• **Task to complete**: In the data below, repeat the line containing "재료: 소면, 멸치 또는" and every following line exactly, up to and including the last line. Exclude pictures.

(Records excerpted from a collection)
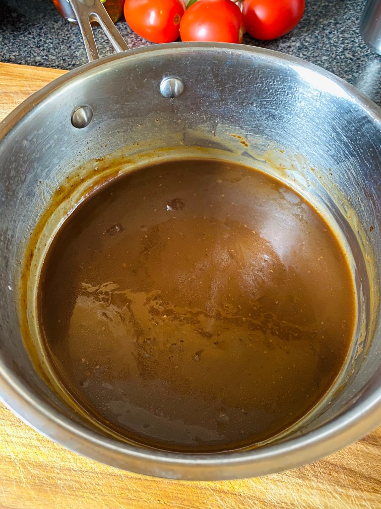 - Add butter to pan and melt. Once melted add flour and whisk until mixed well and flour smell has cooked off. Slowly add milk while whisking. Slowly add stock while whisking. Cook for roughly 10 minutes or until thick and bubbly.
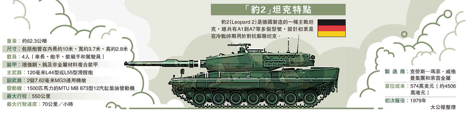 大公報綜合CNN、法新社、《衛報》報道:德國總理朔爾茨27日證實,德國向烏克蘭承諾提供的18輛「豹2 A6」主戰坦克已全部抵達烏克蘭。同時,烏克蘭國防部證實,已接收首批英國「挑戰者2」主戰坦克,以及來自美國及德國的步兵戰車。分析指,近期抵烏的坦克將參與烏軍「即將到來的」春季大反攻,勢必為戰事火上澆油。
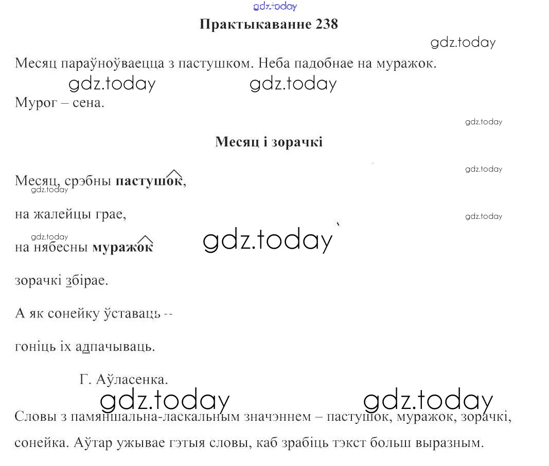 На страницах сайта gdz.today вы найдете учебный и вспомогательный материал, направленный на улучшения знаний школьной программы. ГДЗ - онлайн мир знаний Рашальнік да часткі 2. Практыкаванні 238 Учебнику по Белорусскому языку для 3 класса Свірыдзенка Национальный институт образования 2017
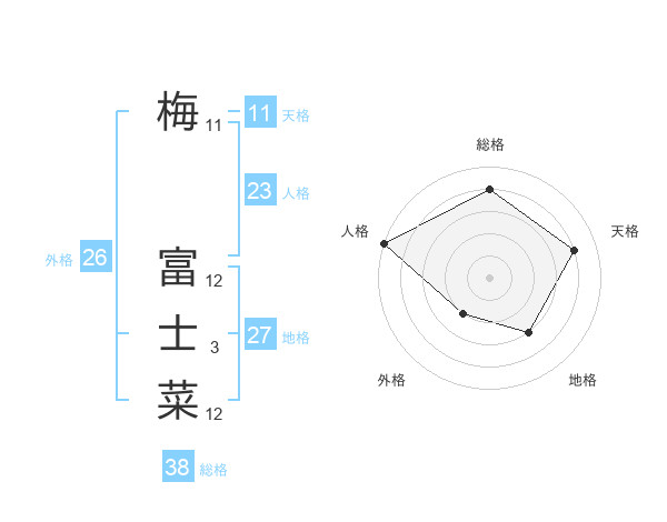 梅 富士菜さんの総格は38画の4点!
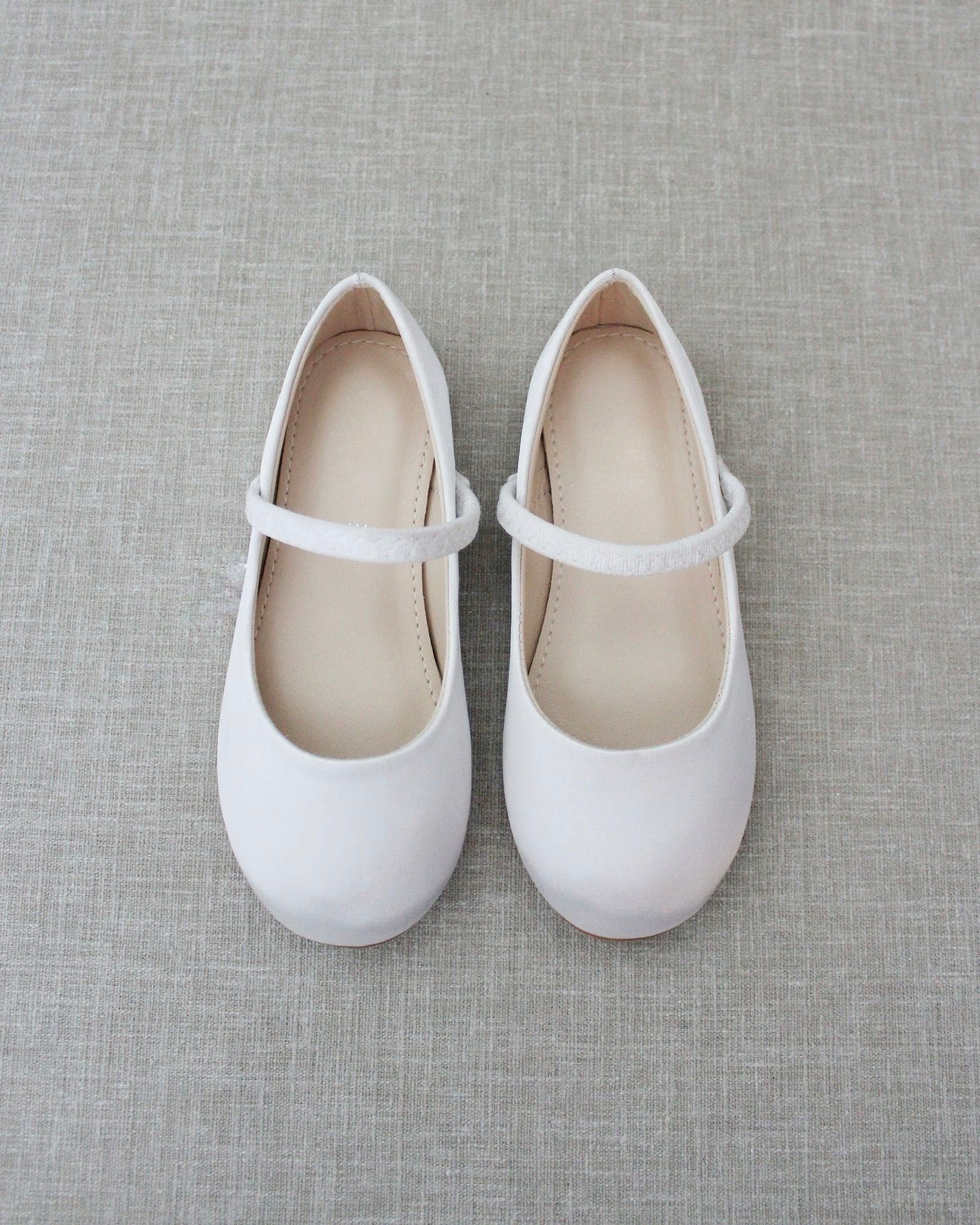 Satin maryjane flats which is perfect for comfort and gorgeous simplicity. Perfect for flower girls, birthday party, costume shoes, or any special occasions.
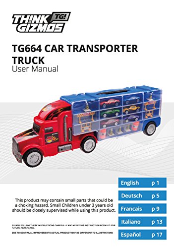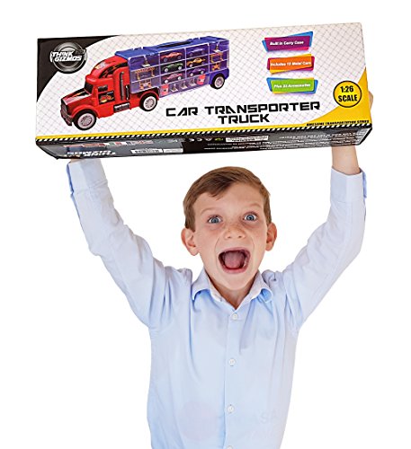 The super Car and Vehicle Transport Truck from ThinkGizmos is the ideal gift for anyone who loves toy cars or vehicles. Part of the Awesome Transport Series from ThinkGizmos this comes in a quality giftbox with everything needed to enjoy the toy included. The Truck is 1:28 scale and measures at over 50cm long with 12 cars included and space to store a total of 28 matchbox sized cars (not including accessories) the Car transport truck is not only a cool toy it is also an awesome storage solution. Featuring an included carry handle on the top the Car Transport Truck will be one of the toys the recipient won't want to put down. The TG664 Car Transporter Truck is recommended for children aged 3+ and is a 'ThinkGizmos' branded product.Feature
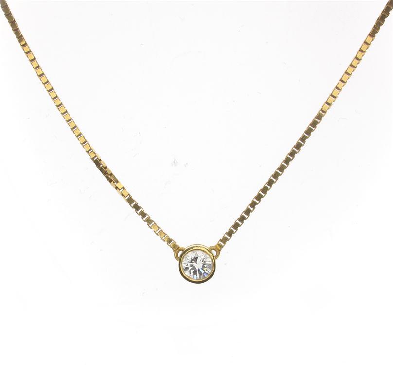 A diamond pendant. The brilliant cut diamond weighs approximately 0.50 carats. On a gold box link neck chain.
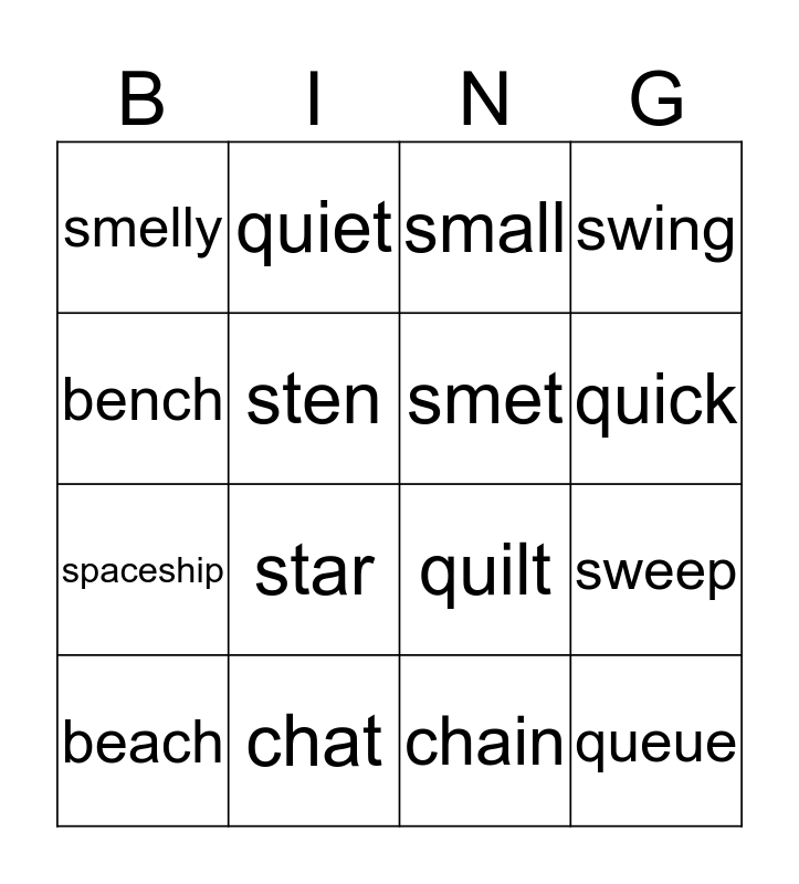 This bingo card has 16 words: chat, sweep, small, smelly, spaceship, quiet, quilt, chain, bench, sten, beach, swing, star, quick, smet and queue.
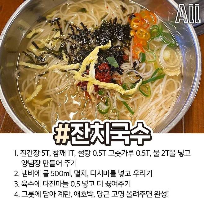 재료: 소면, 멸치 또는 다시마 육수, 국간장, 진간장, 다진 마늘, 대파간단한 방법:
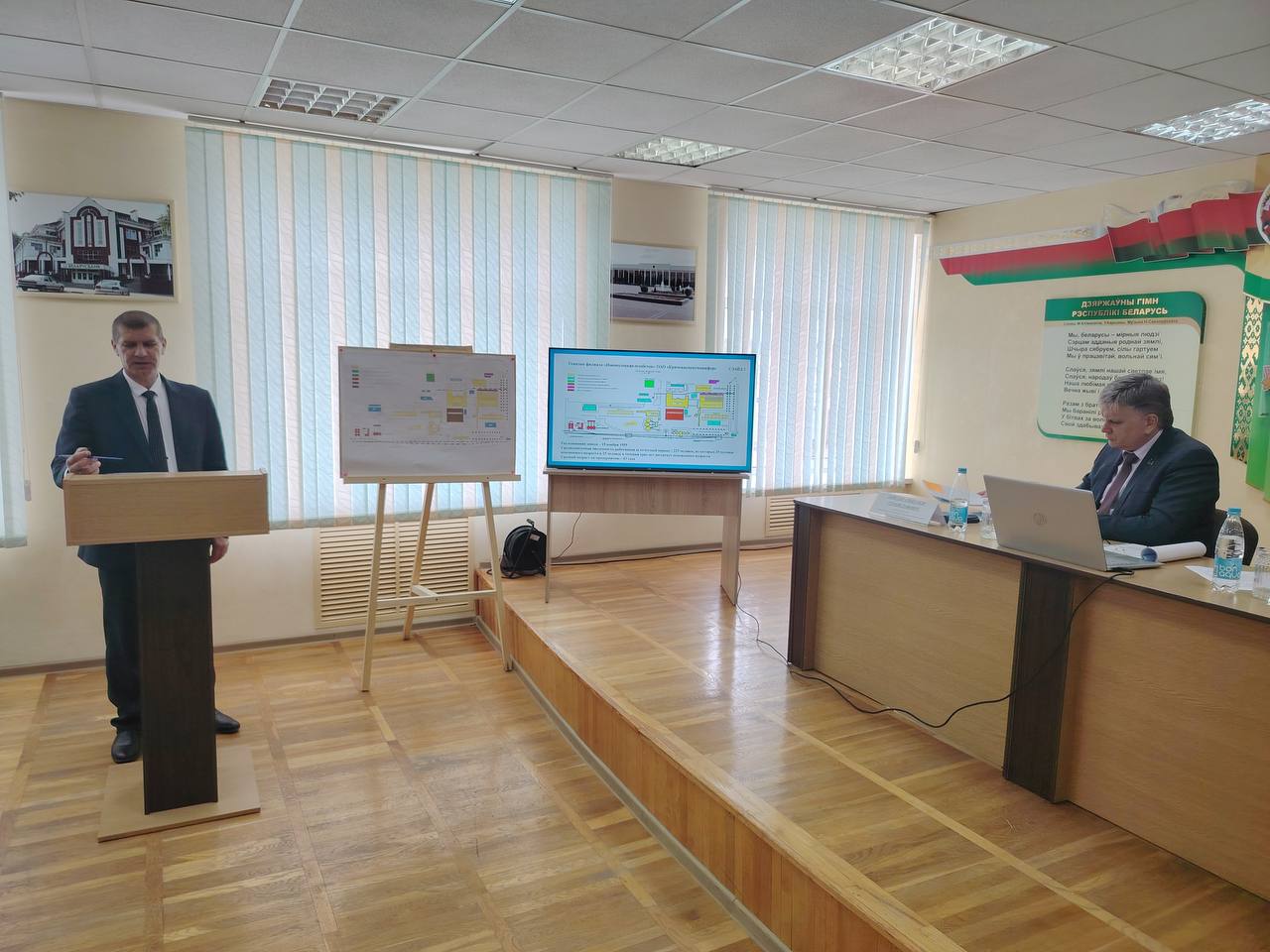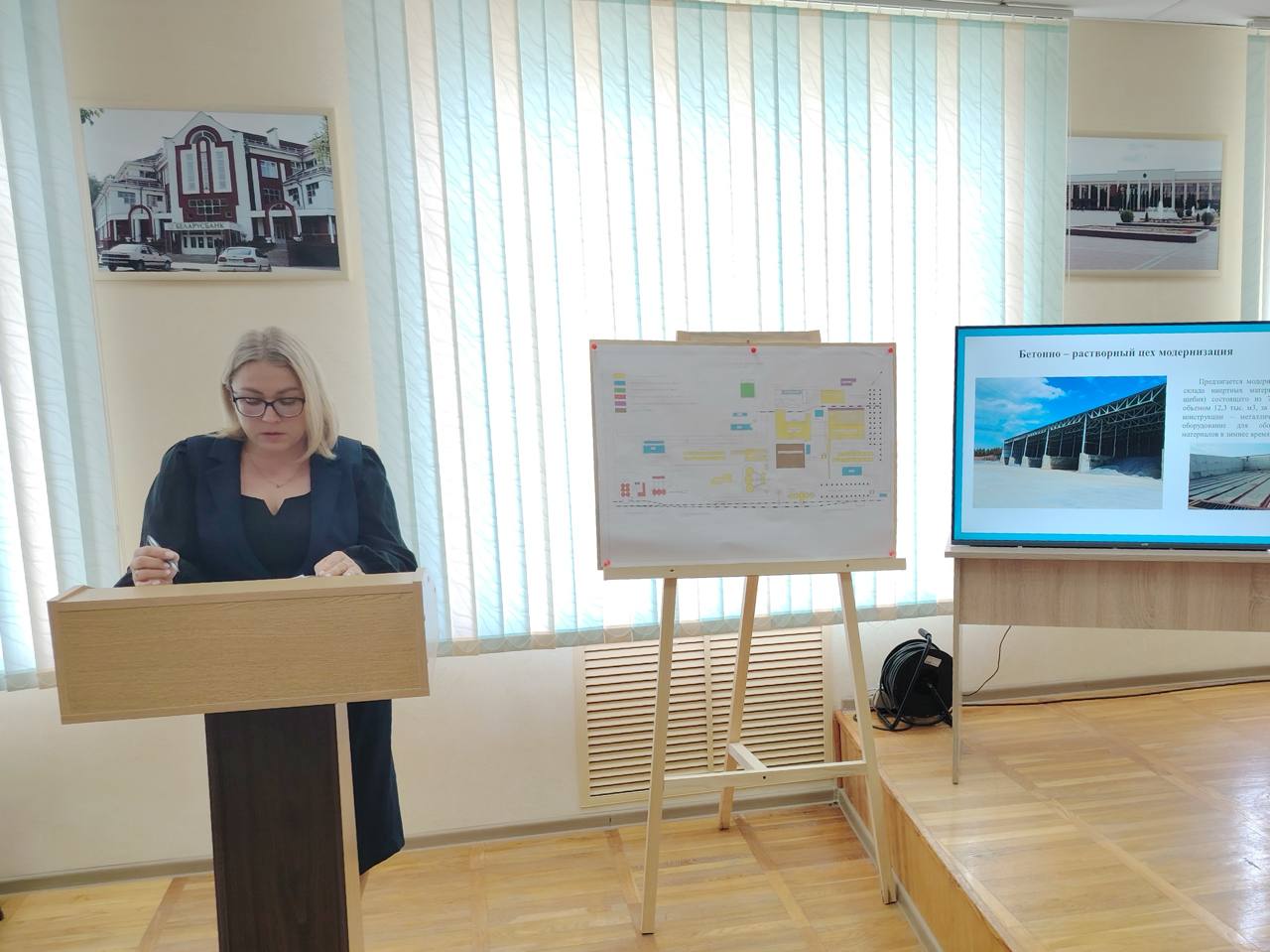 Директор филиала «Новополоцкжелезобетон» Александр Метла, заместитель директора – главный инженер Сергей Прошунин, ведущий инженер-технолог филиала Вероника Поливко рассказали о проектах по обновлению формовочного и арматурного цехов, бетонного узла, а также о планах по развитию энергосетей и дополнительных услуг в сфере электро- и водоснабжения.

• **Solution to this task**:
 재료: 소면, 멸치 또는 다시마 육수, 국간장, 진간장, 다진 마늘, 대파간단한 방법:
 Директор филиала «Новополоцкжелезобетон» Александр Метла, заместитель директора – главный инженер Сергей Прошунин, ведущий инженер-технолог филиала Вероника Поливко рассказали о проектах по обновлению формовочного и арматурного цехов, бетонного узла, а также о планах по развитию энергосетей и дополнительных услуг в сфере электро- и водоснабжения.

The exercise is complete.